● **Collected data**:
★ ★ ★ ★ ★
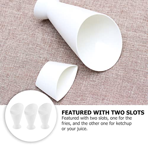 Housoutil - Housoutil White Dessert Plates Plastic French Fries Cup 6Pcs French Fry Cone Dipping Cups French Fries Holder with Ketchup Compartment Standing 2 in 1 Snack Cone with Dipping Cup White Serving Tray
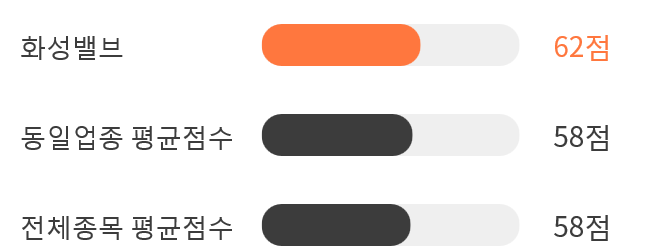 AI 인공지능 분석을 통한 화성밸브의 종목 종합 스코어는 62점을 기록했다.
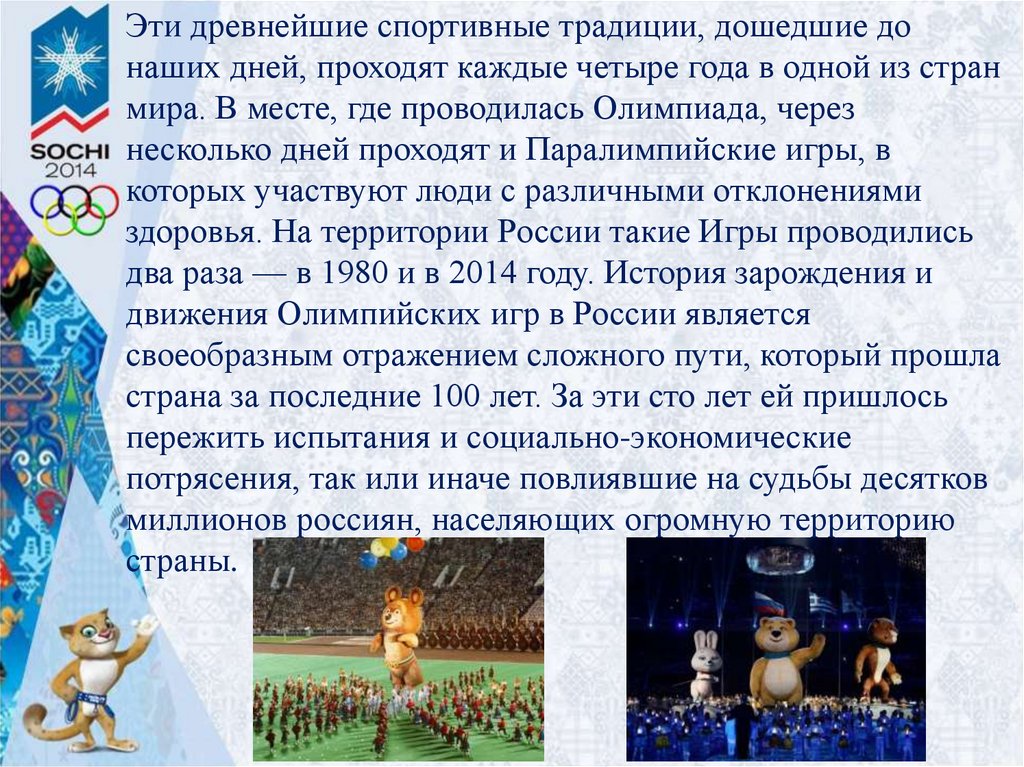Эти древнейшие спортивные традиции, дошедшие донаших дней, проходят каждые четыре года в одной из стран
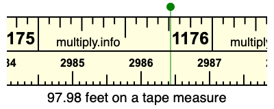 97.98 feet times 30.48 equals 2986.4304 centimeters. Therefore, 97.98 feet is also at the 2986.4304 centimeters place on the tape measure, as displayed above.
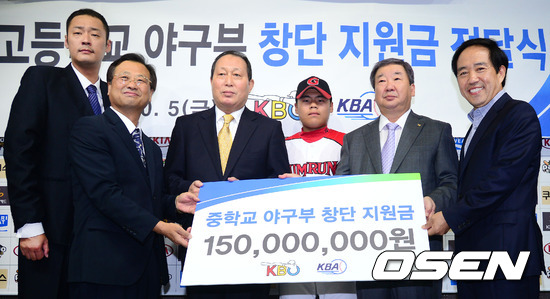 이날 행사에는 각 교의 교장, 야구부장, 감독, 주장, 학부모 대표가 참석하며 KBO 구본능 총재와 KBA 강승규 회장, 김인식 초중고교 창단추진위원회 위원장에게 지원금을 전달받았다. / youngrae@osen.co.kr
★ ★ ★ ★ ★
Write the data above out exactly. Leave out any pictures.

● **REPLY TO THE TASK**:
 Housoutil - Housoutil White Dessert Plates Plastic French Fries Cup 6Pcs French Fry Cone Dipping Cups French Fries Holder with Ketchup Compartment Standing 2 in 1 Snack Cone with Dipping Cup White Serving Tray
 AI 인공지능 분석을 통한 화성밸브의 종목 종합 스코어는 62점을 기록했다.
Эти древнейшие спортивные традиции, дошедшие донаших дней, проходят каждые четыре года в одной из стран
 97.98 feet times 30.48 equals 2986.4304 centimeters. Therefore, 97.98 feet is also at the 2986.4304 centimeters place on the tape measure, as displayed above.
 이날 행사에는 각 교의 교장, 야구부장, 감독, 주장, 학부모 대표가 참석하며 KBO 구본능 총재와 KBA 강승규 회장, 김인식 초중고교 창단추진위원회 위원장에게 지원금을 전달받았다. / youngrae@osen.co.kr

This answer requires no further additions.